§ ASSIGNMENT:
All the data should be repeated exactly. Any image in it is left out.

§ DATA EXTRACT:
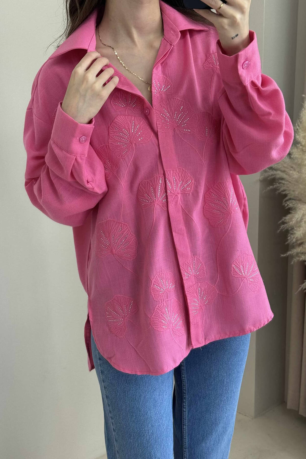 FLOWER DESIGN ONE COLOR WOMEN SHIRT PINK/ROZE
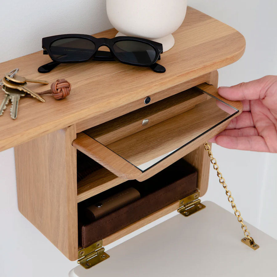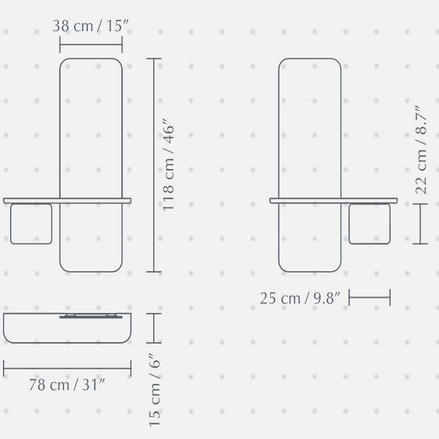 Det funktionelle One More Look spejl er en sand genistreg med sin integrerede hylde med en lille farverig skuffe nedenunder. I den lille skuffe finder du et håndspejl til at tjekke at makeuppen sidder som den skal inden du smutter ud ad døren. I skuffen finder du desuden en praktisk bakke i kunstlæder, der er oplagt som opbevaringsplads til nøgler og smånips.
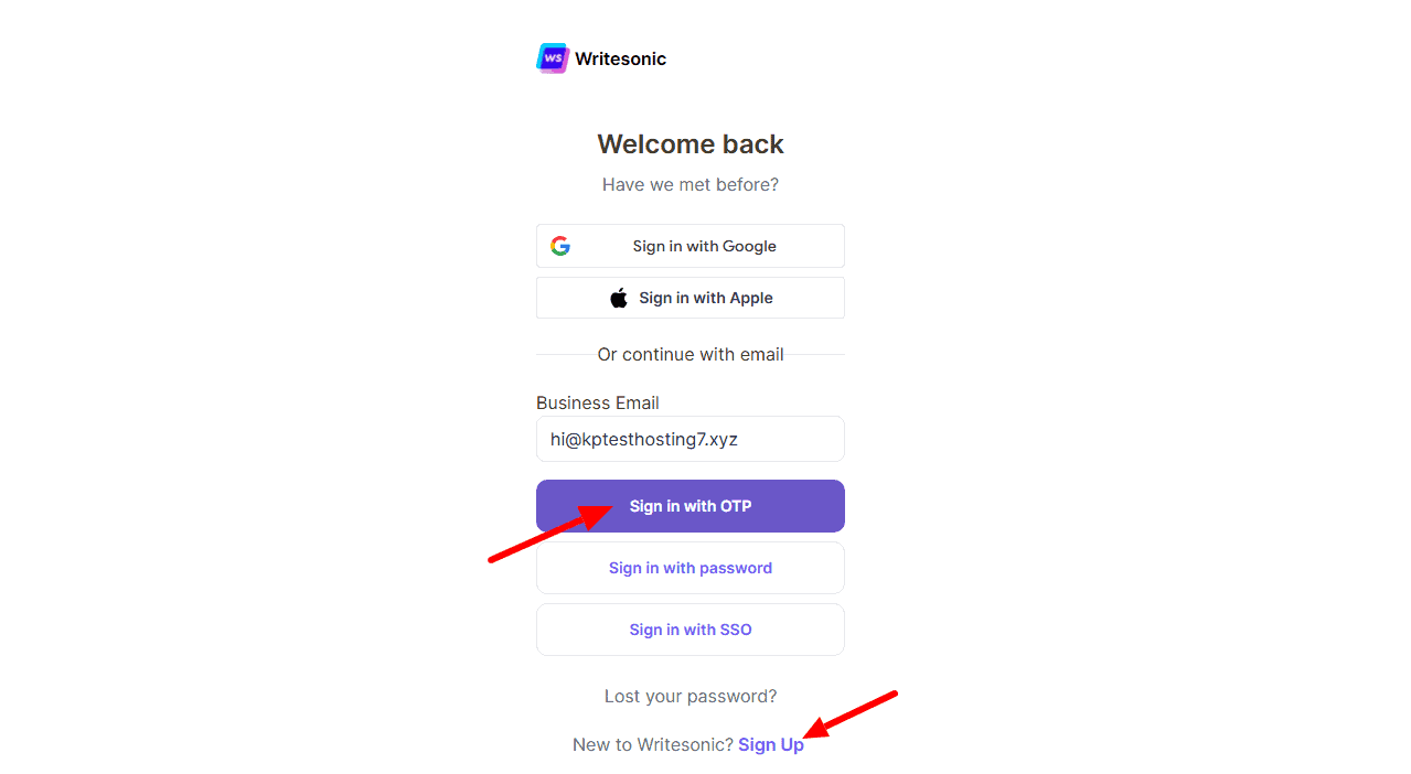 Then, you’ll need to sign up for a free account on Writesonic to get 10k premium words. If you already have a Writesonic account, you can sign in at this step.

§ RESULT OF THE EXERCISE:
 FLOWER DESIGN ONE COLOR WOMEN SHIRT PINK/ROZE
 Det funktionelle One More Look spejl er en sand genistreg med sin integrerede hylde med en lille farverig skuffe nedenunder. I den lille skuffe finder du et håndspejl til at tjekke at makeuppen sidder som den skal inden du smutter ud ad døren. I skuffen finder du desuden en praktisk bakke i kunstlæder, der er oplagt som opbevaringsplads til nøgler og smånips.
 Then, you’ll need to sign up for a free account on Writesonic to get 10k premium words. If you already have a Writesonic account, you can sign in at this step.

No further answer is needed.